# Killer Elite inspired Boat Blind



## gsppurist (Dec 6, 2013)

Well I mostly finished my boat blind.  Thanks to Killer Elite for the idea and plans.  Although, I have never talked with him, his ideas helped me considerably.

It did take longer than 2 hours…more like 5 hours but I did some alterations such as one side has telescopic arms to make one side lower than the other.

It is also large.  The blind has an 8 foot rear beam and 6 foot front.  3 feet high and almost 15 feet long.  

I have only $130 into it to include hardware/burlap/ paint/zip ties etc.

Now for the ultimate test,  I am taking my wife, daughter duck hunting tomorrow.  I hope my phone has a signal for the saturday cartoons for my daughter.


----------



## T-N-T (Dec 6, 2013)

Hey, that looks awful nice!!


----------



## The Flying Duckman (Dec 6, 2013)

Good job!  Hope the little one has a good time.


----------



## goob (Dec 6, 2013)

Cool!


----------



## SouthrnPride (Dec 6, 2013)

What did you do differently than killer elites blind? How did you make the telescoping arms?

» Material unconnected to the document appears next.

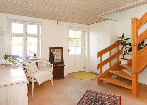 Huset har en spændende og god indretning. Stor rummelig entre/hall med klinkegulv og trappe til 1.sal. Dejligt soveværelse med skabe og lyst askeparket på gulvet . Stor dejlig stue med dobbeltsidet lysindfald og udgang til havestuen/haven via franske døre. Stuen har flotte lyse askeparketgulve fra Trip Trap flot hvidt filtloft med stuk og spots langs væggene. Via franske døre er der også adgang til super flot gennemgående køkken/allrum med ægte landkøkkenstemning. Der er flot muret, åben pejs som samlingspunkt, indmurede

I'm about to make mine when as soon as I'm done with my final exams at Ga Tech


----------



## steelshotslayer (Dec 6, 2013)

Looks good man


----------



## GobbleAndGrunt78 (Dec 6, 2013)

Very cool...hope yall slay 'em!!!


----------



## gsppurist (Dec 6, 2013)

SouthrnPride said:


> What did you do differently than killer elites blind? How did you make the telescoping arms?
> 
> I'm about to make mine when as soon as I'm done with my final exams at Ga Tech




When I don't have trees to cover behind me , I want one my side of the blind that my back faces to be higher than the side I am looking over.  That way the silhouette of my head can't be seen.  

I used 3/4 EMT to make the blind.  To make the telescopic supports see the pic below.  It is two pieces of 18 inch of EMT 1/2 sliding into 3/4.  Just have to loosen the screw, slide and refasten.  I just loosen the screw and can drop the side up to 16 inches if I need to.


----------



## waistdeep (Dec 7, 2013)

How did you fasten the grass and how does it look, down or up when pulling down the road? do you roll up the burlap or what?


----------



## gsppurist (Dec 7, 2013)

I just zip tie the grass at the base with a medium zip tie.  The about 3/4 the way up, grab a small amount from the bundle and use a small zip tie to secure into vertical position.  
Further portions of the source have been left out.